API performance hiccups & analysis - 12-20-2021

In the past 2 days, Hiro API experienced significant slowdowns caused by an onslaught of activity. This issue was pervasive among all clients that used Hiro API - including Explorer, Hiro desktop, and web wallets and stacks CLI. The API stayed online, and requests were still being served, but the performance degraded to the point where requests frequently timed out.

It bears noting that the stacks ecosystem is experiencing burgeoning activity levels, which is a sign of exciting times ahead.

The causes that fomented this occurrence and timeline of events are detailed below.

Root cause: Poor performance of specific database queries from requests to the /transfers and /nft_events endpoints.

Starting ~ Dec 20, 2021, 12:00PM ET : All API databases serving public requests started performing numerous unoptimized queries from the /transfers and /nft_events endpoints, depleting all memory resources on the nodes. This slowed each database considerably, affecting all further reads and writes.
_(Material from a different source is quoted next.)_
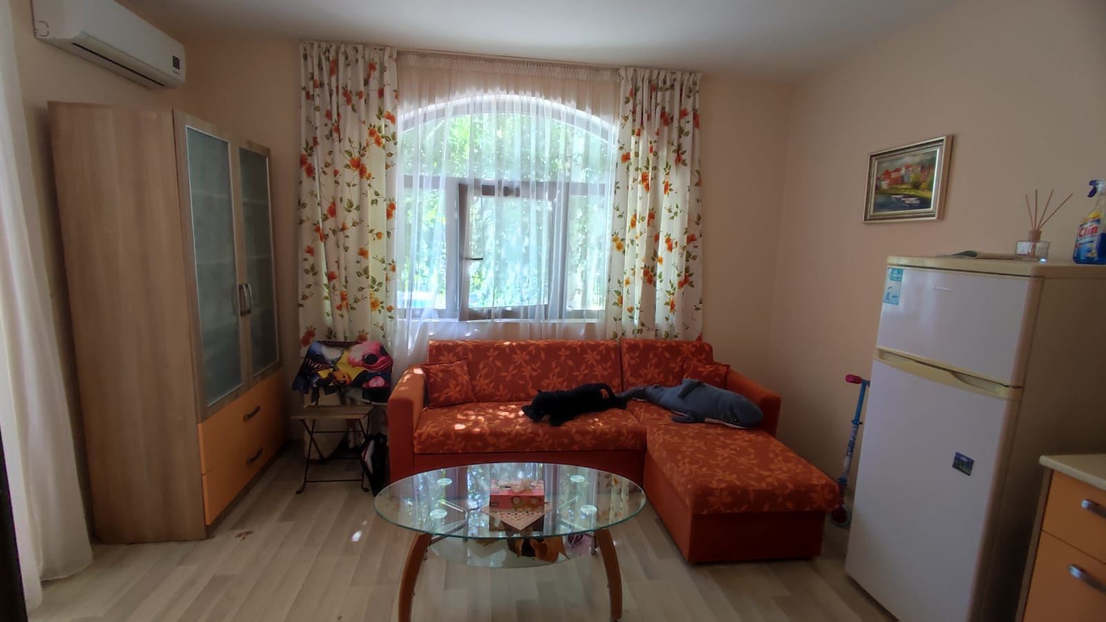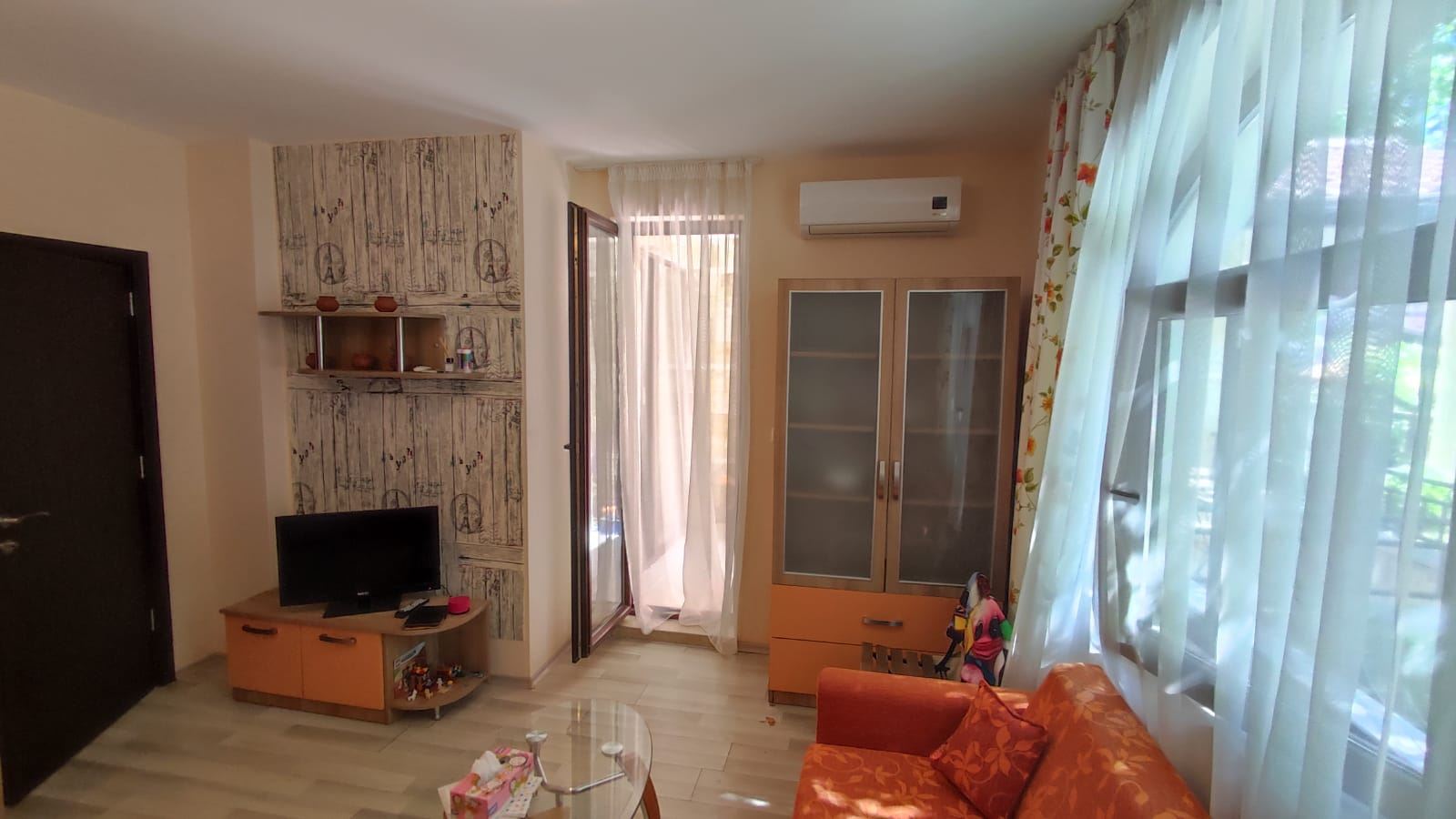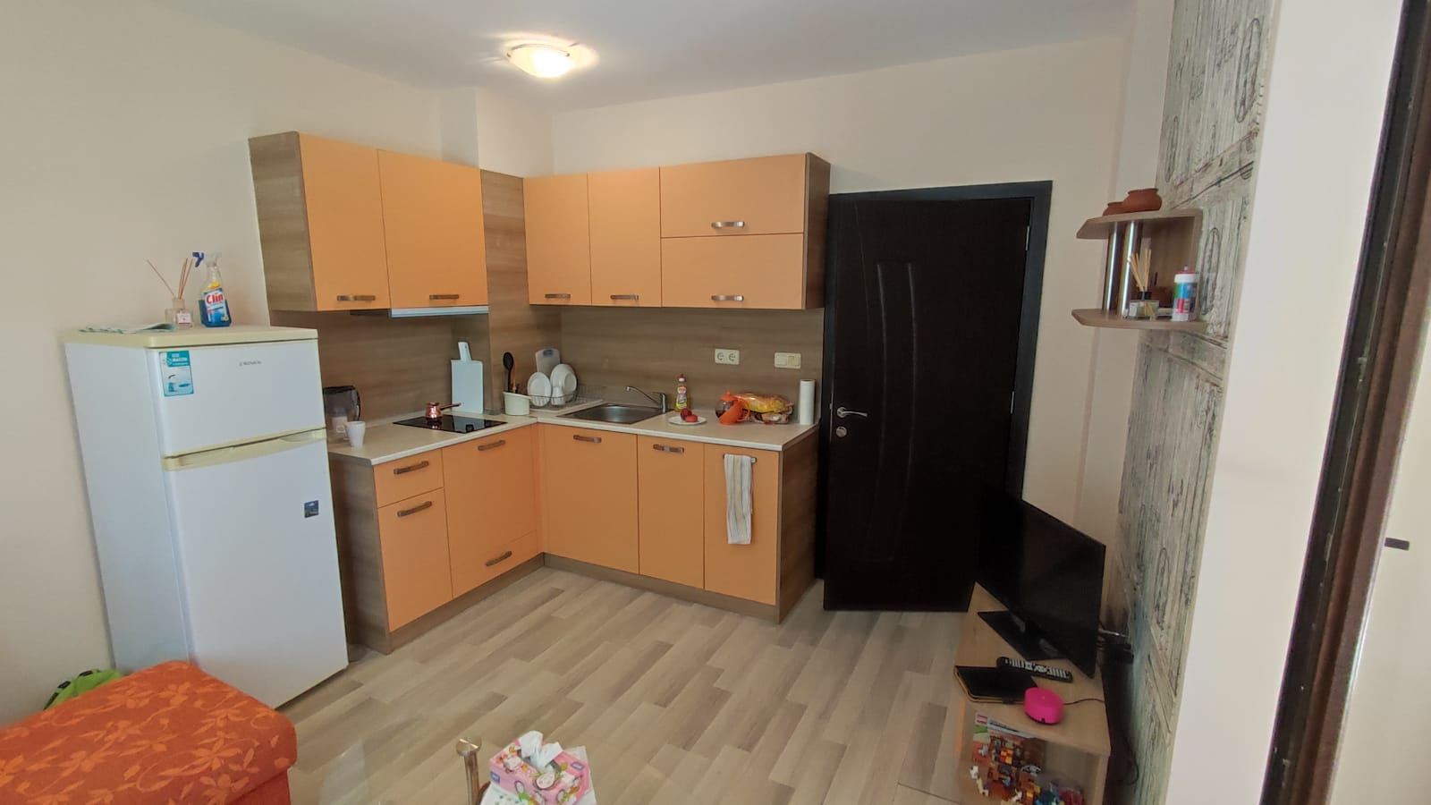 One bedroom furnished flat in a beautiful residential complex with its own convenient infrastructure, built in a new, rapidly developing area of Nessebar, a UNESCO World Heritage Site. The complex is located just 300 meters from the beautiful sandy beach and 2 km from the centre of Nessebar. All necessary infrastructure for a complete life is in walking distance. The water park is 500 m away from the complex. The flat of 55 m2 is located on the low ground floor. It consists of one bedroom, living room with kitchen, bathroom with WC and a cozy terrace with direct access to the grounds and pool. The flat is in excellent condition and ready to move in.

~ Dec 20, 2021, 12:41PM ET : A new version of the API 1.0.0 which contained optimizations for the /transfers and /nft_events endpoints was deployed to an API . This upgrade required Hiro to remove its green API and database from serving traffic while it was being upgraded and replay events to the database – a process that may take about 3 - 5 hours. During this time, the blue API and database were still serving traffic.

~ Dec 20, 2021, 5:30PM ET - Dec 21 2021, 9:00 AM ET : The green API’s event-replay to the database failed but did not trigger any alerts, and the API proceeded to boot normally. It promptly hit more errors when trying to sync to the STX tip and effectively stalled.

Error when replaying events:

Could not find transaction 0x5a97316c384ffb565f45e0bedac39ce07706f015f3fb79b5d9b55493c34c4dba associated with attachment

~ Dec 21, 2021, 9:14 AM ET :
Thinking the event replay failed due to an unrelated error, we tried restarting the event replay, which failed the following morning again. We eventually found the error log and created a new API version (1.0.1) which accounted for the bug.

~ Dec 21, 2021, 3:00 PM ET : Restarted the event-replay on this new API version.

~ Dec 21, 2021, 10:00PM ET : Restarting the event-replay on this new API version succeeded.
We switched traffic to the green API, which contained SQL optimizations for the /transfers and /nft_events endpoints. Performance on all /extended endpoints significantly improved as a result; however, /v2 was still showing response times over 30 seconds.

~ Dec 21, 2021, 11:00PM ET : An additional pool of followers behind the green API, allowing the load on /v2 to be more broadly distributed, resulting in improved /v2 performance and a return to normal behavior.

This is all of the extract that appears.